これは一部の海外リアクション系YouTuberだけの問題ではありません。これはプラットフォームが抱える構造的な課題と言えます。少量の申請であれば個別の異議申し立てで対処できますが、AIによる大量申請に対してクリエイター個人が取れる即効性のある防衛手段は限られているのが現状です。
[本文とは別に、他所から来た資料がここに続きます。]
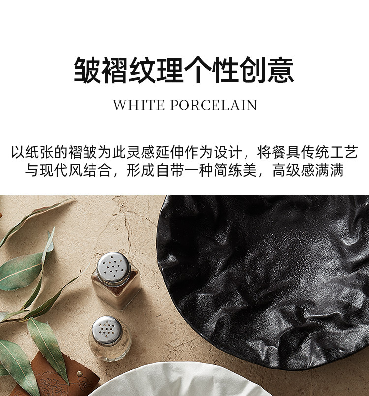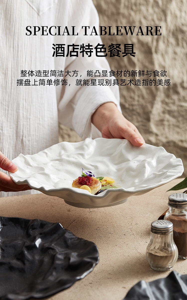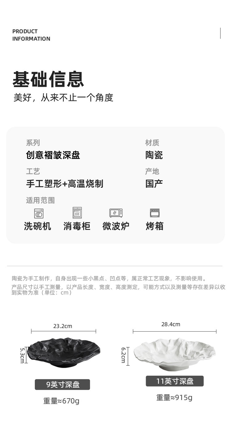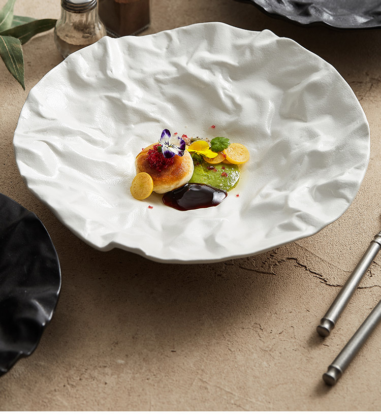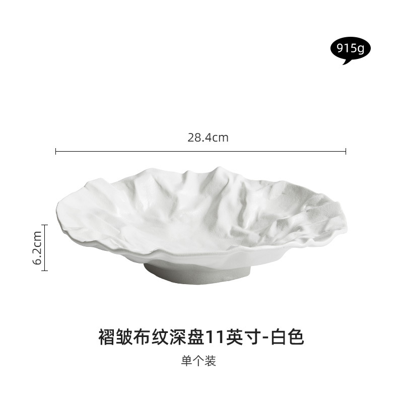 褶皱深菜盘子碗高级感日式餐具西餐沙拉陶瓷高端碟子家用2024新款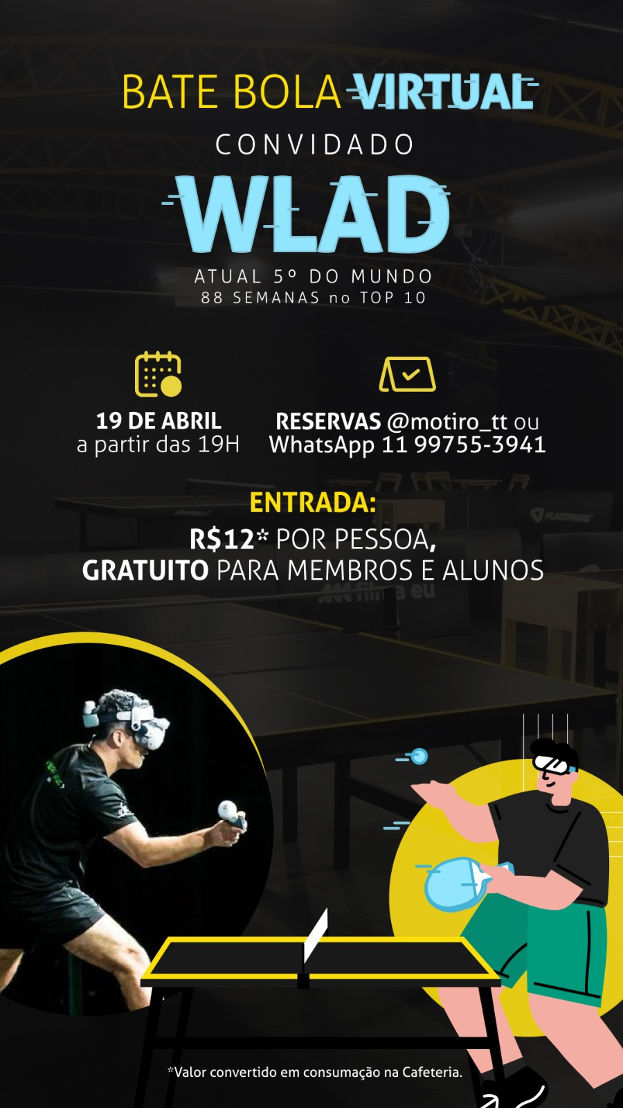 ➡️ Neste encontro, o Wlad vai fazer um Tour com a gente dentro do Eleven Table Tennis, o jogo oficial escolhido pelo ITTF para a entrada do TM no mundo dos e-games.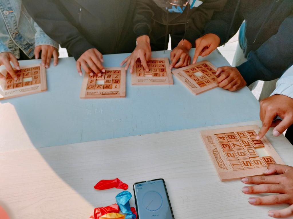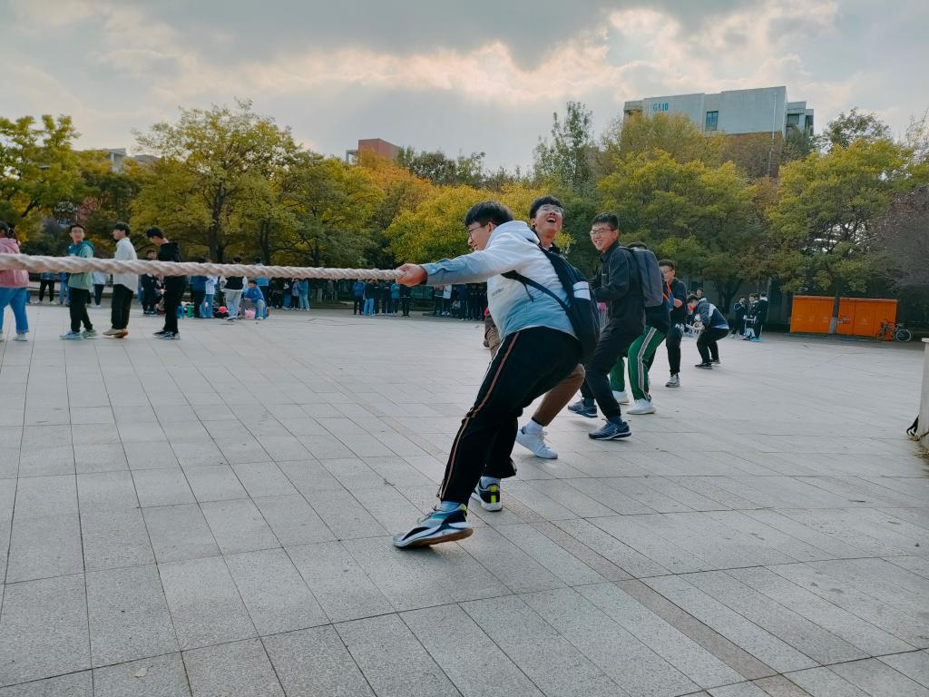 下午2点,素质拓展活动正式拉开序幕。活动实行淘汰复活制,以班级为单位,六人一组进行比赛。游戏分为主线任务和副线任务。 主线任务中,同学们在拔河比赛中紧握绳索,毫不放松,体会团结协作的精神;在踩气球比赛中同学们不甘示弱,毫不畏惧,感受紧张愉悦的氛围;在面粉接力比赛中凝心聚力,默契配合,探索简便省时的技巧。在主线任务中淘汰的选手还可以参加副线任务,通过华容道和两人三足比赛复活。活动现场充满了欢声笑语,处处可以感受到团结合作的氛围,加油呐喊声更是不绝于耳。三个小时的户外活动圆满结束。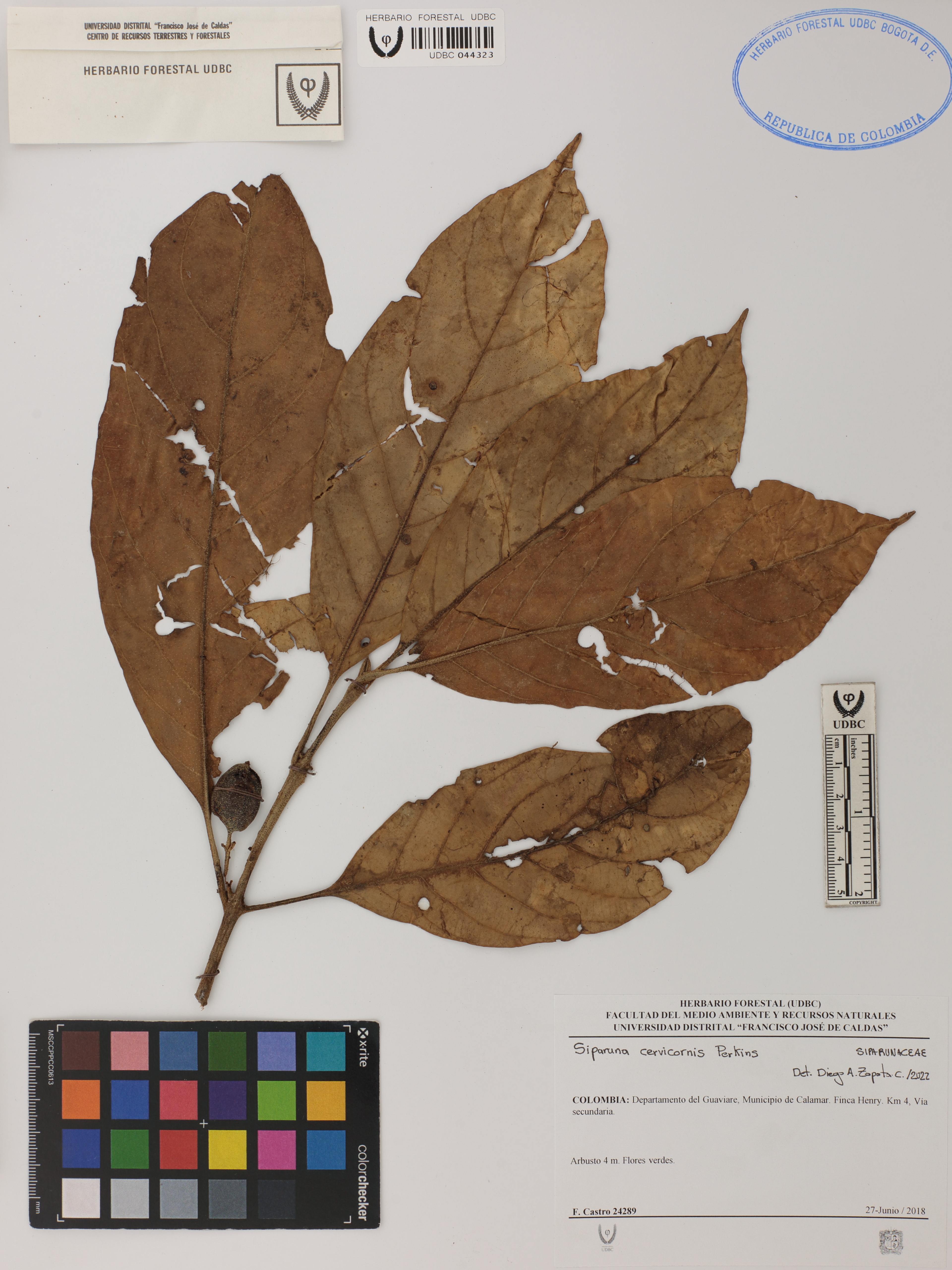 Fotografía del ejemplar Castro, F. 24289, determinado como Siparuna cervicornis en el año 2022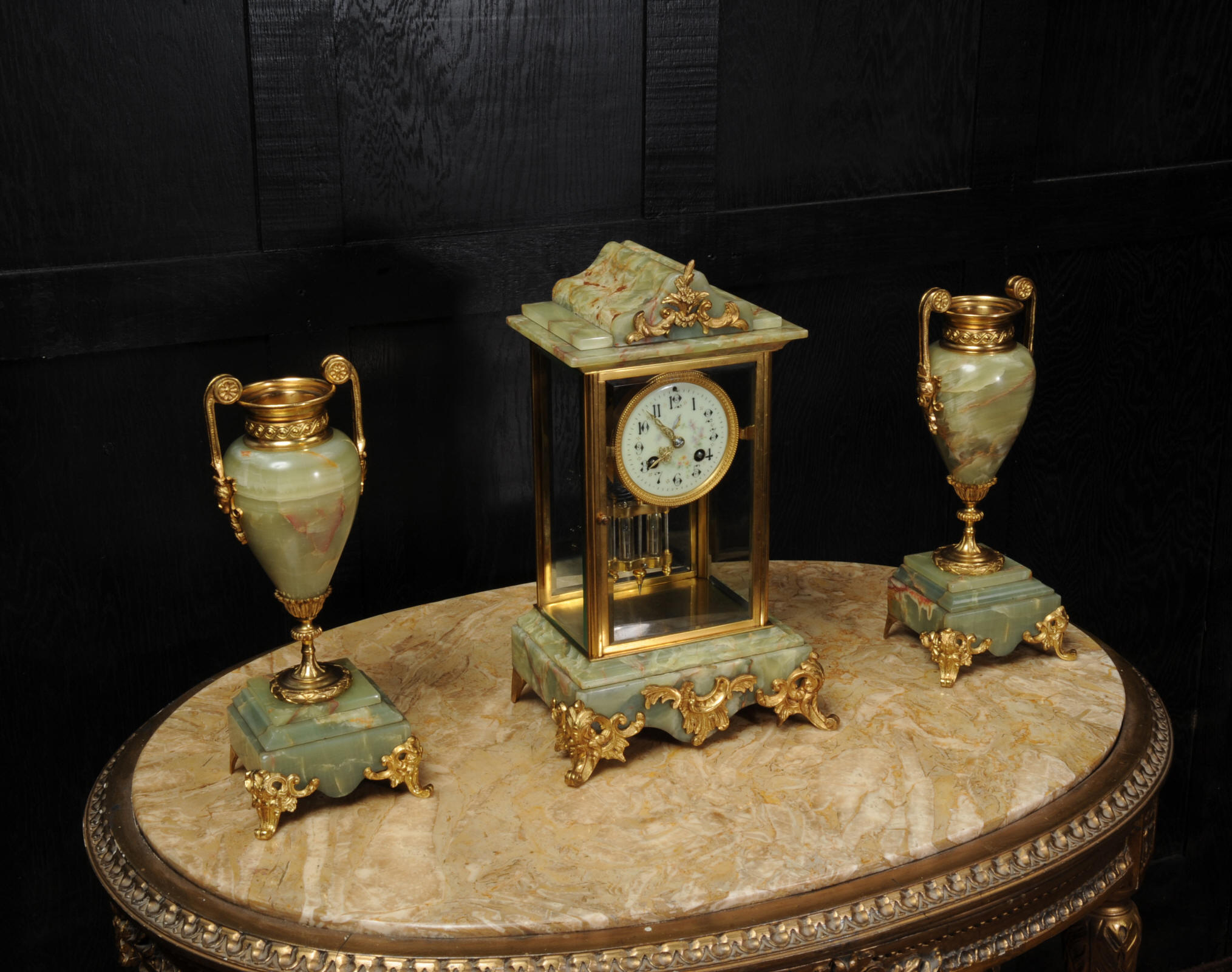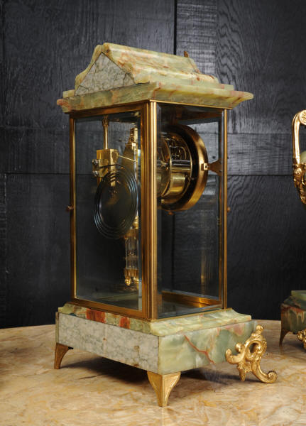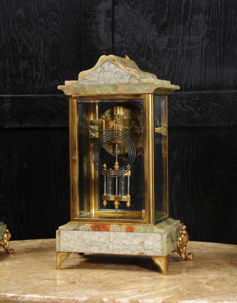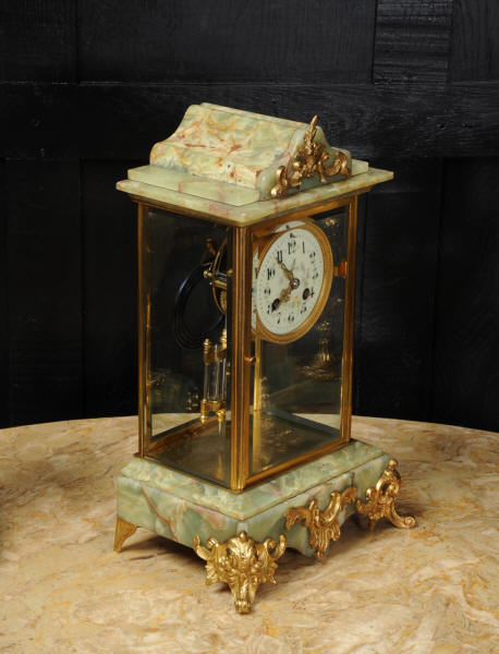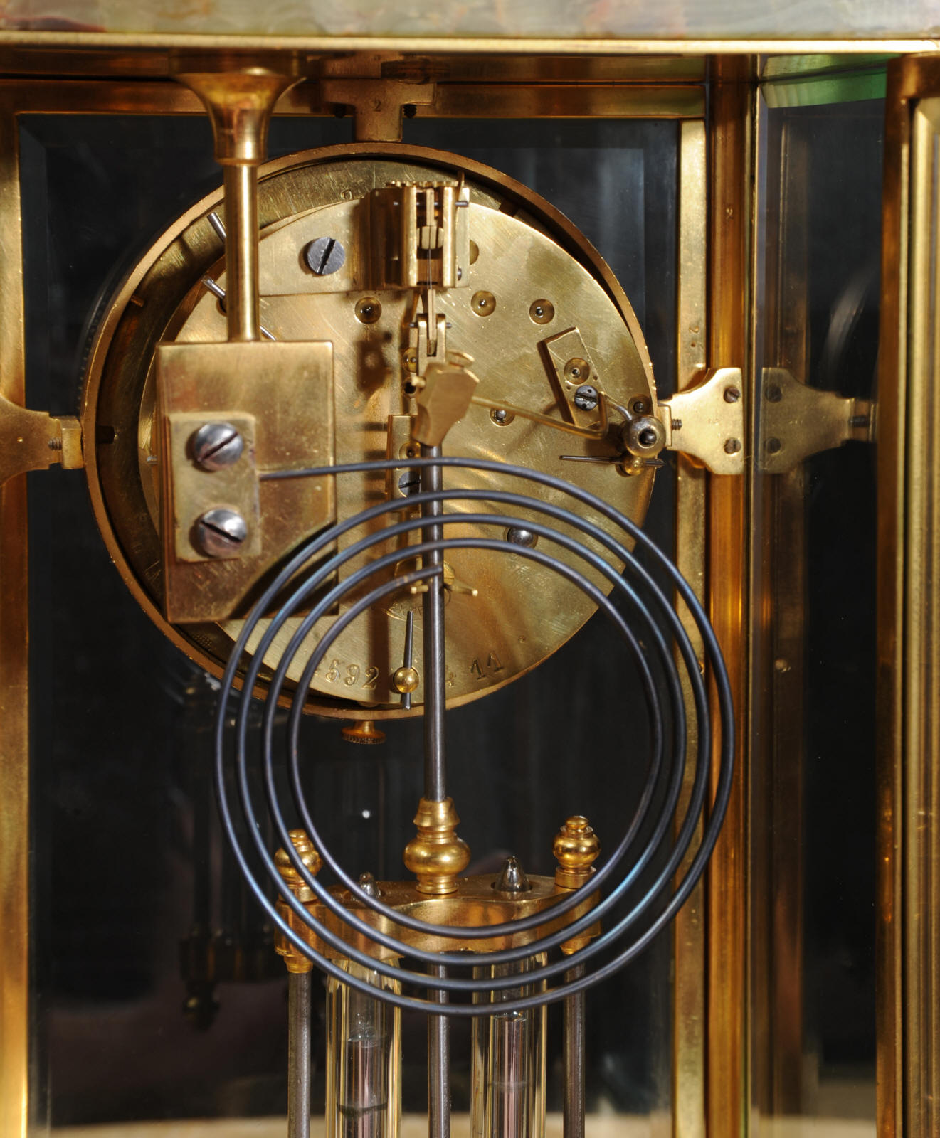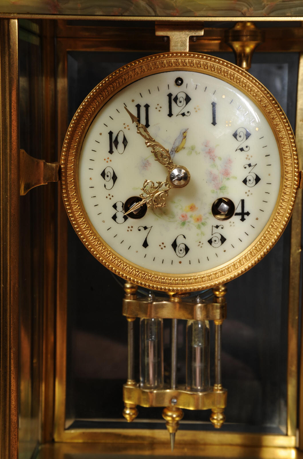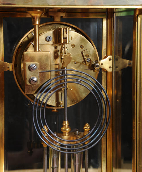 The dial is porcelain enamel on copper, delicately decorated with floral swags and a bird. It is complete with it's original finely fretted gilt brass hands. The French movement is of high quality and is in excellent clean and running condition having been fully overhauled by our clockmaker. Mercury compensated pendulum is original. It runs for 8 days and strikes the hours and halves on a coiled gong. Click the video clip below to hear the bell and watch the clock running!

今回のケースではSNS等で被害を拡散して問題を可視化することや、弁護士を介して委託元の権利者(公式)へ直接アプローチし、一括撤回を求める動きが有効な対抗策として考えられます。

過剰申請の問題がある一方で申請自体は権利保護に基づく正当なケースも含まれています。 特に日本の著作権法においては、アメリカのような包括的な「フェアユース」の規定が存在しないため、映像を使用したリアクション動画は著作権侵害(無許諾利用)と判断されるリスクが高いと指摘されています。クリエイター側も自身の投稿内容や権利関係を改めて再精査することが求められます。

【補足:なりすまし申請との違いについて】

なお今回のケースとは別に権利者と無関係の第三者が「なりすまし」で虚偽の著作権侵害を申し立てるという詐欺的な手口も存在します。こちらは今回の話とは性質が異なるのでまた別の機会に触れたいと思います。